Supplied information:
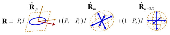 where U is the unitary matrix that diagonalizes R, while and are the indices of polarimetric purity (IPP) defined as [36,37]:
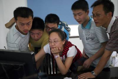 孝感首次实行网上填报中考志愿7月11日,孝感市文昌中学9年级8班的几位同学在学校通过计算机平台填报中考志愿,今年孝感市普通高中招生首次采取网上填报志愿录取的办法进行。各县市区分批网上填报志愿,考生可同时填报2个指令性计划志愿和2个择校生志愿,7月17日下午5时填报志愿结束。签约摄影师晏美华摄
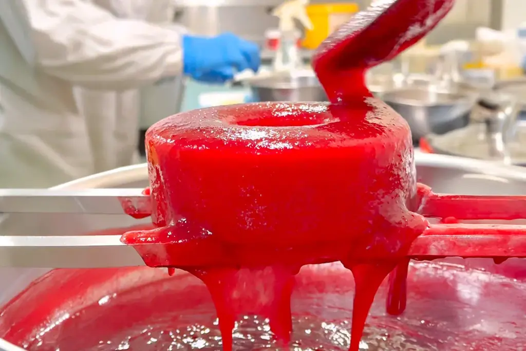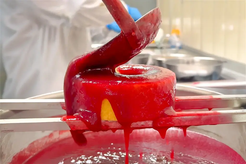 ラズベリーソースにはフランス産ラズベリーを用い、果実含有率90%の濃厚ピューレをベースにシロップを加えたリッチな配合。果肉を丸ごとすりつぶすため、もったりとした濃度と鮮烈な香り、澄んだルビー色が顕著である。
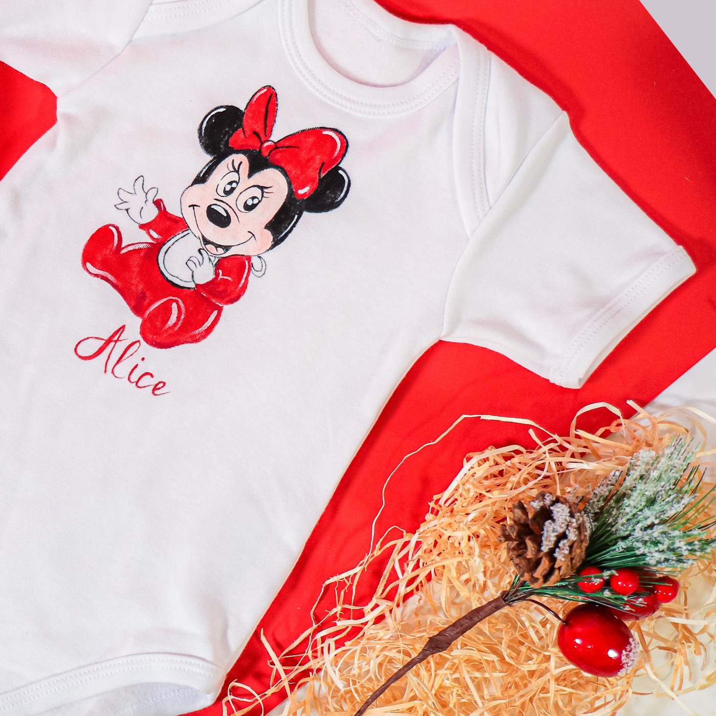 Set baby dipinto a mano. Il disegno è ispirato alla dolcissima Minnie, uno dei personaggi più amati dai primi mesi di vita. Il disegno augura felicità e allegria alla piccola.

What needs to be done: Retype the line containing "孝感首次实行网上填报中考志愿" and all lines after it to the end of the material, exactly as written, leaving out any pictures.

Expected answer:
 孝感首次实行网上填报中考志愿7月11日,孝感市文昌中学9年级8班的几位同学在学校通过计算机平台填报中考志愿,今年孝感市普通高中招生首次采取网上填报志愿录取的办法进行。各县市区分批网上填报志愿,考生可同时填报2个指令性计划志愿和2个择校生志愿,7月17日下午5时填报志愿结束。签约摄影师晏美华摄
 ラズベリーソースにはフランス産ラズベリーを用い、果実含有率90%の濃厚ピューレをベースにシロップを加えたリッチな配合。果肉を丸ごとすりつぶすため、もったりとした濃度と鮮烈な香り、澄んだルビー色が顕著である。
 Set baby dipinto a mano. Il disegno è ispirato alla dolcissima Minnie, uno dei personaggi più amati dai primi mesi di vita. Il disegno augura felicità e allegria alla piccola.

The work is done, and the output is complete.